外に出ると、一面の銀世界だった。初めてこの地に辿り着いた時の苦い記憶を思い出して、思わず顔が歪む。

「今は冬だからね。もう少ししたら、春が来て暖かくなるんだけど」

「へーこの世界にも春ってあるんだ」

「うん、あるよ。この国も春夏秋冬あるよ。ユウの国のあるのかい?」

「うん、俺の国にはあったよ。こんなに寒いのは初めてだけど…。」

「そうなのか…。ユウ大丈夫かい?寒くはないかい?」

「ふっふっ、アレンは心配性だな。大丈夫だよ、ロレインがこんなに暖かいコートを用意してくれたんだから。ロレインって口は悪いけど、根っこは良い奴だよな」

ロレインは俺とアレンが街に出かけると知ると、自分が持っている防寒の服を貸してくれた。”アレン様と出掛けるなんて身の程しらず”など色々と言ってきたが、俺の身長ではアレンの服は合わないからと言って、わざわざ貸してくれたのである。ツンデレな良い奴である。アニメキャラだったら、確実に人気がでそうだ。

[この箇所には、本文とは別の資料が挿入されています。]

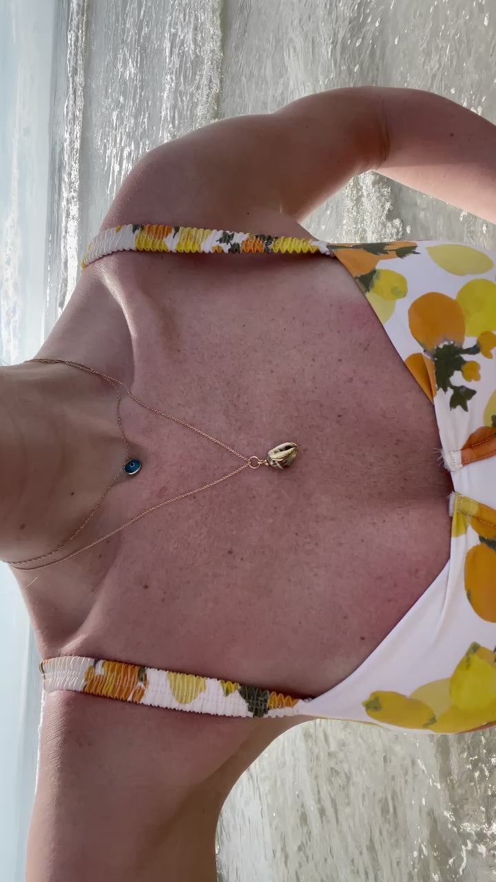 This pendant is crafted from a genuine auger seashell, and mounted with a gold-toned metal bail. It was sourced in Italy, and I love to imagine the adventures it has been on. The shape is so unusual, spiraling to get wider towards the bottom: Mother Nature is the greatest designer of all. It is available with or without a chain; note that the chain is not the exact one pictured but you can view details here. Measures 3.25" long with bail x 5/8" at widest point.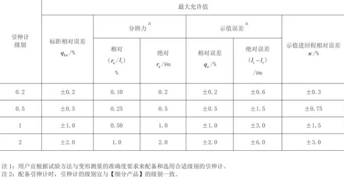 引伸計的標距相對誤差、示值誤差、示值進回程相對誤差、分辨力應符合下表的規定。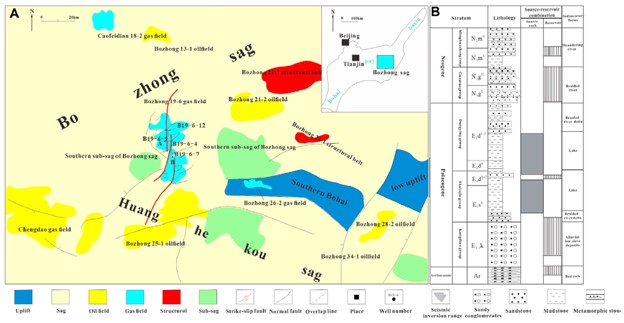 Fig.1 (A) Regional location of the BZ19-6 condensate gas field; (B) Comprehensive stratigraphic column of the BZ19–6 condensate gas field.

「そうだな、あいつは良い奴だからな。…それにしても貸してもらった服、よく似合っているよ。モコモコのフードが可愛い」

俺が着ているコートはモコモコした生地のものでフードもついており、それもモコモコしている。

「俺には可愛すぎるよ!ってか、アレンの猫耳の方が可愛いよ。寒いからか、ヘニョってなってるよ、ふふ」

アレンの猫耳はパタンと閉じられている。

「寒いと、少しでも冷気を取り込まない為にこうなるんだ。モフモフ猫族は寒いのは苦手だからね」

流石は猫である。そういえば猫がストーブの前から一日中動かずにずーっと居て、飼い主に怒られる動画を見た事があった。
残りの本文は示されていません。